Falando um pouco sobre a importância da música na vida de jovens e adolescentes da periferia, Kedé afirma ser uma das vidas transformadas pela arte.

“A música é uma arma muito poderosa. Ela já resgatou muita gente. Um funk, um rap, um trap, um samba, um reggae. Já resgatou muita gente. Eu sou um cara que até hoje só é música. Então, se só é música, o que seria de mim se eu não estivesse na música? Estava me jogando em outros lugares, né?

Principalmente no lugar onde a gente mora, que não tem saneamento básico, não tem estrutura, não tem assistência, a galera acaba ocupando a cabeça com outras coisas que a gente sabe que são erradas.”

Falo das intenções para esse trabalho, do desejo de mostrar uma imagem diferente das diversas Juventudes Negras que existem em Teresina, e o artista concorda. Existem muitos outros caminhos para negros e negras nesta cidade, do que aquele que nos leva a ser pintado como criminoso pelos portais de notícia.

“A periferia também tem esse lado bom, só que a galera não quer reconhecer esse lado. A mídia só mostra o que dá dinheiro, dá grana, sabe? Mas tem uma galera da dança, da arte, da música, que estão preocupados em fazer alguma mudança. Só que eles acabam não tendo visibilidade, né?”

O ano de 2023 começou trazendo boas experiências para o artista, como o Festival Batukada, festa que reuniu as mais diversas tribos em um só evento. Idealizado e organizado por Preto Kedé, o festival promete continuar trazendo esse clima dançante para as mais diversas regiões da cidade.

Rap, Funk, Axé, Reggae, Xiola e até mesmo o Pagodão, tão amado por Kedé, os ritmos ocuparam o centro da cidade no período do Carnaval. Além da música, brechós e artesanatos tornaram o evento ainda mais interessante para todos que compareceram.

Embalando no sucesso da Batukada e do Carnaval, Kedé lança o seu mais novo single.

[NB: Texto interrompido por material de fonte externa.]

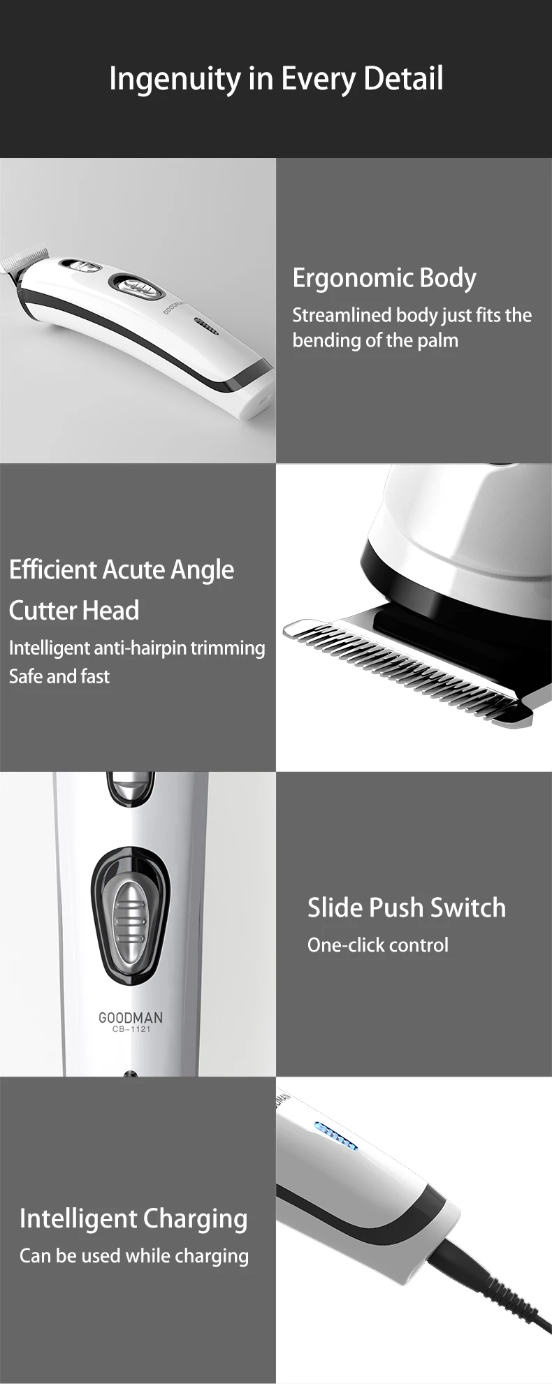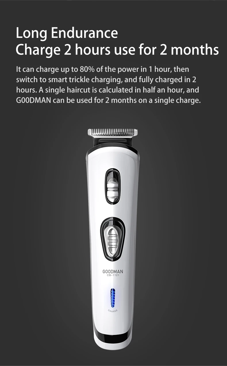 Он может заряжать до 80% мощности в течение 1 часа, затем переключаться на интеллектуальную зарядку и полностью заряжать в течение 2 часов. Одиночная стрижка рассчитывается через полчаса, а G00DMAN используется для 2 месяцев на одной зарядке.

Um gostinho do Afrobeat de Teresina, Kiwi é a promessa do artista para um ano repleto de novos desafios.

"Perseverança e resistência eu tenho na minha vida. Nada foi fácil, sabe? Já passei por altos e baixos, e mesmo assim estou aqui resistindo na música. Outras pessoas falam: ‘Ah, é que Teresina é assim’, mas eu prefiro fazer história na minha própria cidade, virar o jogo. Ainda vou conquistar a minha própria cidade e chegar lá fora."

Comentando os desafios de ocupar certos espaços, foi assim que encerramos nossa conversa naquela tarde de novembro. Quatro meses depois ainda percebo a insistência do artista em espalhar a sua história pelos quatro cantos da cidade. E aos poucos os teresinenses vão sentindo a África de Kedé.